Task brief
Take the lines in the listing below from the line with "Стильные, комфортные кроссовки" up to and including the line with "第三进是大雄宝殿,殿内供奉横" and set them down exactly, skipping pictures and adding nothing.

Records provided
◆ ◆ ◆ ◆

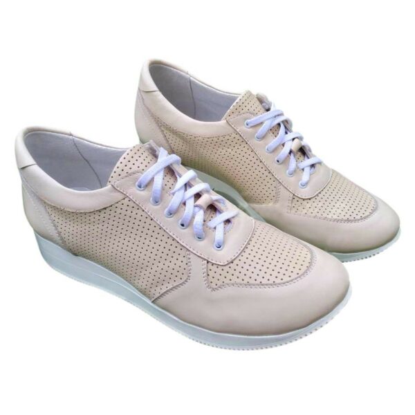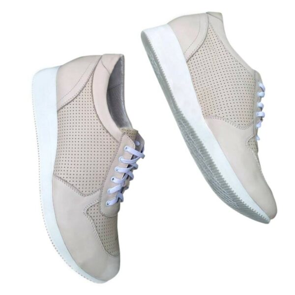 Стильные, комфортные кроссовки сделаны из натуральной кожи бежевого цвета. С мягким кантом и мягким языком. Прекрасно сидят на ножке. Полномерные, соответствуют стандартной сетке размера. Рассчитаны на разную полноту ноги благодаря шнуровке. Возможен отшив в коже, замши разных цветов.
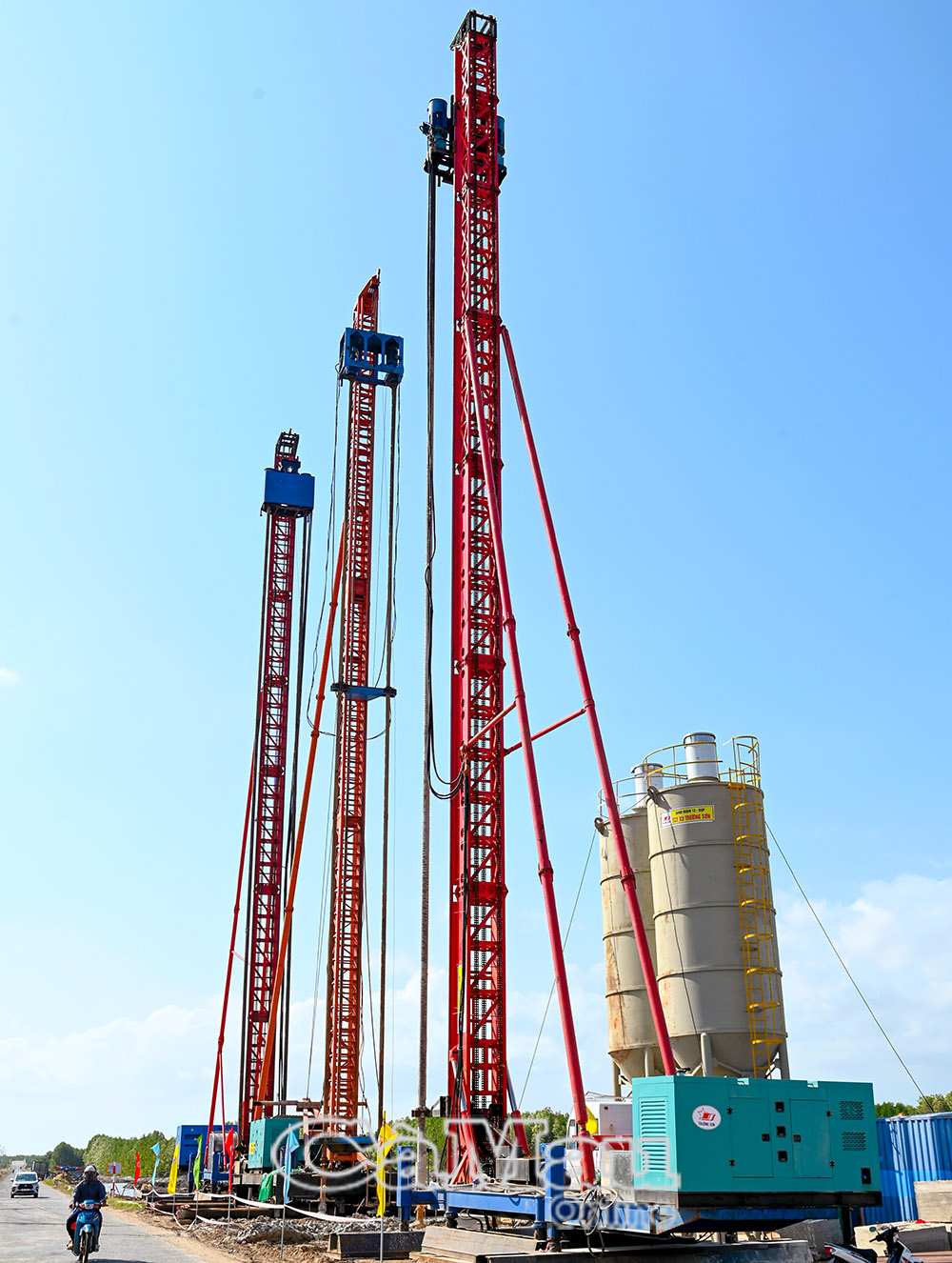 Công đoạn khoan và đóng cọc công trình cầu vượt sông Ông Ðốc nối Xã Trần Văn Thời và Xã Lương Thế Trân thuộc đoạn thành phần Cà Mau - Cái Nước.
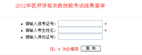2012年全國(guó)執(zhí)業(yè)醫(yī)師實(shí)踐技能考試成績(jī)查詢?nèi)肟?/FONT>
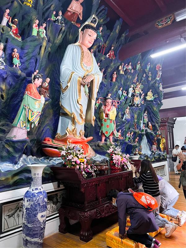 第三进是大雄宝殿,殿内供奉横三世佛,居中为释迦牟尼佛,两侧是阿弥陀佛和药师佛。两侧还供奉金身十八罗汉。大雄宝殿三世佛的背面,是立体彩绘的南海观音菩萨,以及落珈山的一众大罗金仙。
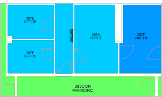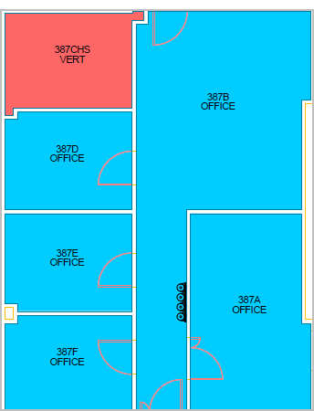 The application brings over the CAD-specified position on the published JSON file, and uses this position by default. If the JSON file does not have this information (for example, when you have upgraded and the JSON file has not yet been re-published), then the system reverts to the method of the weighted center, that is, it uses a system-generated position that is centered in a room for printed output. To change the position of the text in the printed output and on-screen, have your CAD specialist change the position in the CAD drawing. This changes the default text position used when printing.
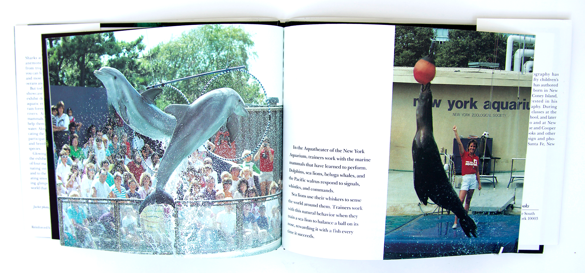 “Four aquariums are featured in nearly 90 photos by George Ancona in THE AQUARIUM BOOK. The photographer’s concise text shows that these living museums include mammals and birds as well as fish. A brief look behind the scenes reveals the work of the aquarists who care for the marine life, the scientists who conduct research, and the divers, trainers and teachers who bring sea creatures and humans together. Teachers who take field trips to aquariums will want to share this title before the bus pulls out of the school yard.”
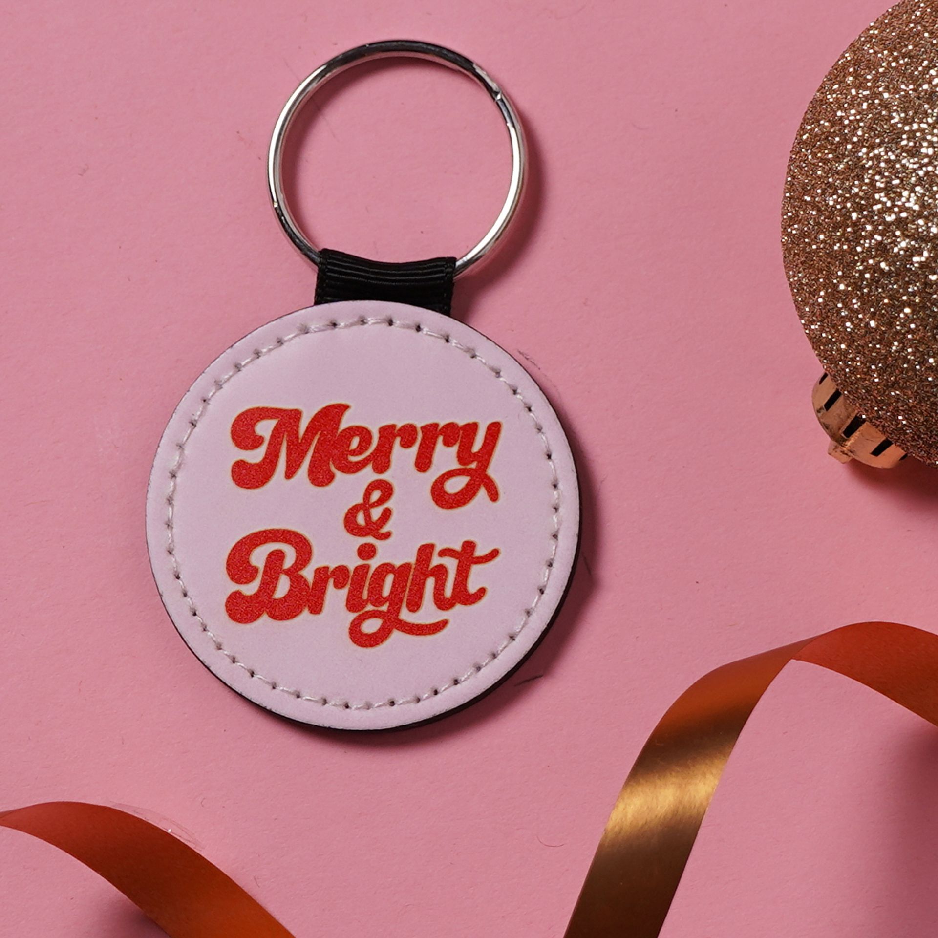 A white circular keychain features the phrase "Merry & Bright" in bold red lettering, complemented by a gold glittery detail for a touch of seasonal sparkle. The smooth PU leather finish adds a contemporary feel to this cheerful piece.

◆ ◆ ◆ ◆

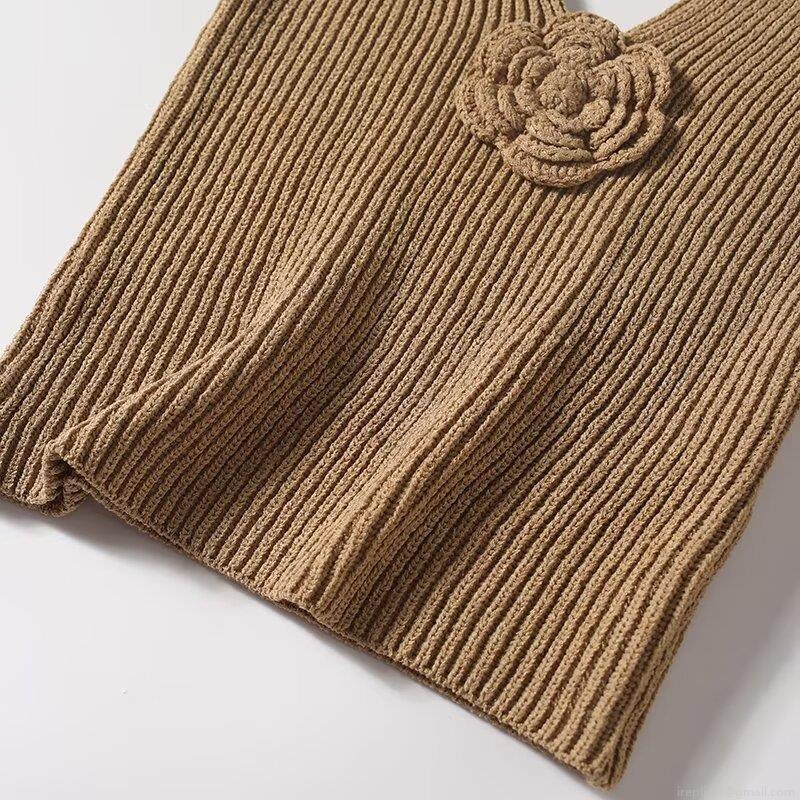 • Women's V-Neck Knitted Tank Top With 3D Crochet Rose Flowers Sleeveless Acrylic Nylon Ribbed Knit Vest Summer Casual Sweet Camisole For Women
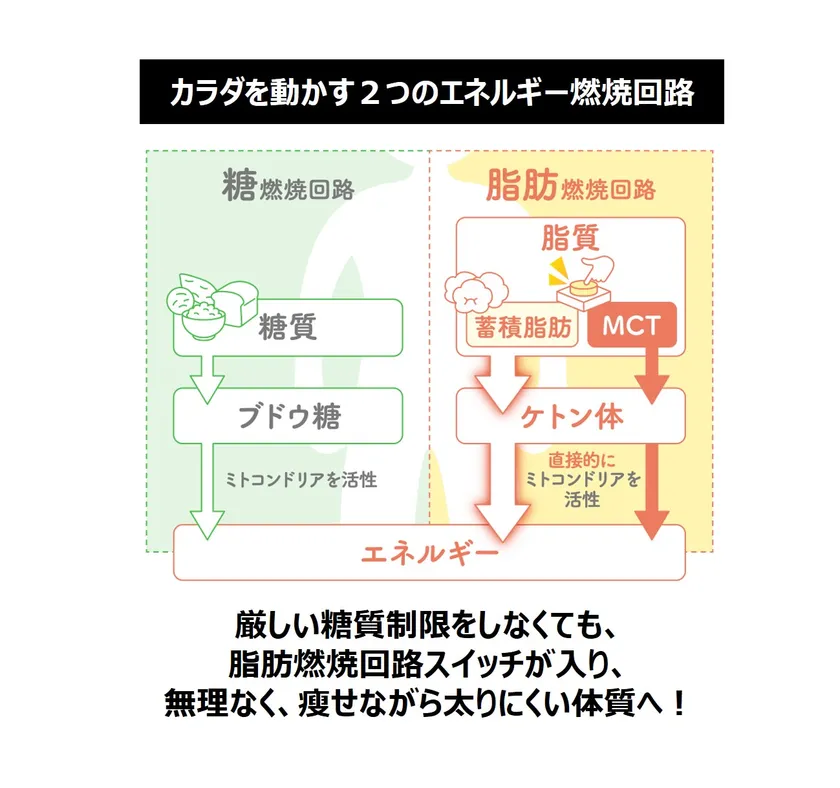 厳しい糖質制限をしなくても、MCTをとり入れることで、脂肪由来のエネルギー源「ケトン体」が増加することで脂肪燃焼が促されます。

◆ ◆ ◆ ◆

Answer for the task
 Стильные, комфортные кроссовки сделаны из натуральной кожи бежевого цвета. С мягким кантом и мягким языком. Прекрасно сидят на ножке. Полномерные, соответствуют стандартной сетке размера. Рассчитаны на разную полноту ноги благодаря шнуровке. Возможен отшив в коже, замши разных цветов.
 Công đoạn khoan và đóng cọc công trình cầu vượt sông Ông Ðốc nối Xã Trần Văn Thời và Xã Lương Thế Trân thuộc đoạn thành phần Cà Mau - Cái Nước.
2012年全國(guó)執(zhí)業(yè)醫(yī)師實(shí)踐技能考試成績(jī)查詢?nèi)肟?/FONT>
 第三进是大雄宝殿,殿内供奉横三世佛,居中为释迦牟尼佛,两侧是阿弥陀佛和药师佛。两侧还供奉金身十八罗汉。大雄宝殿三世佛的背面,是立体彩绘的南海观音菩萨,以及落珈山的一众大罗金仙。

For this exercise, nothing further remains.